I know the verb bother as in "I didn't bother testing" or the noun bother as in "it's no bother", but this is the first time I encounter this word as a kind of interjection or single-word sentence, written by a native:

Note that in casual testing this 'worked', because backspace deletes the pawn and together. Bother.

What is the meaning of "Bother."? What nuance does it add to the paragraph, which would be missed if it had not been added?

I can't find this usage on Wiktionary.

The context is the following: He is the guy who is managing bugs, so this bug might bother him, or maybe he now regrets that he did not bother writing a more complete test.

  • 4
    I think it's definition 8 in Collins: (mainly British) an exclamation of slight annoyance
    – user230
    May 10, 2013 at 2:24
  • 1
    If you can't find it on Wiktionary, then use a real dictionary: M-W or Macmillan. Wiktionary is not the best place to look for usage information or definitions.
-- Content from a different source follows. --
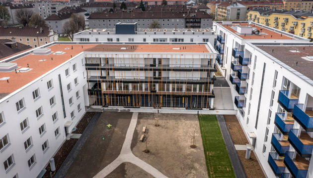 Die großzügig angelegten Innenhöfe bieten zudem ausreichend Platz für Spiel- und Erholungsflächen. Besonderes Highlight ist die Dachterrasse im fünften Stock mit Liegestühlen und Hochbeeten zum Urban Gardening.

It has some value, but not enough to satisfy me.
    – user264
    May 10, 2013 at 2:40
  • 1
    @snailboat As popularized in the U.S. by Winnie the Pooh! ;)
    – WendiKidd
    May 10, 2013 at 21:19
  • Wikitionary has the interjection use: en.wiktionary.org/wiki/bother#Interjection
    – James K
    Jun 1, 2016 at 6:50

1 Answer 1


snailboat has found the answer:


exclamation (mainly British) an exclamation of slight annoyance

  • 3
    "Bother", said Pooh. "There's an infinite number of monkeys at the door who want to sue A.A. Milne for plagiarism".
    – FakeDIY
    May 10, 2013 at 8:43
  • Pooh is the only place I've ever heard that expression.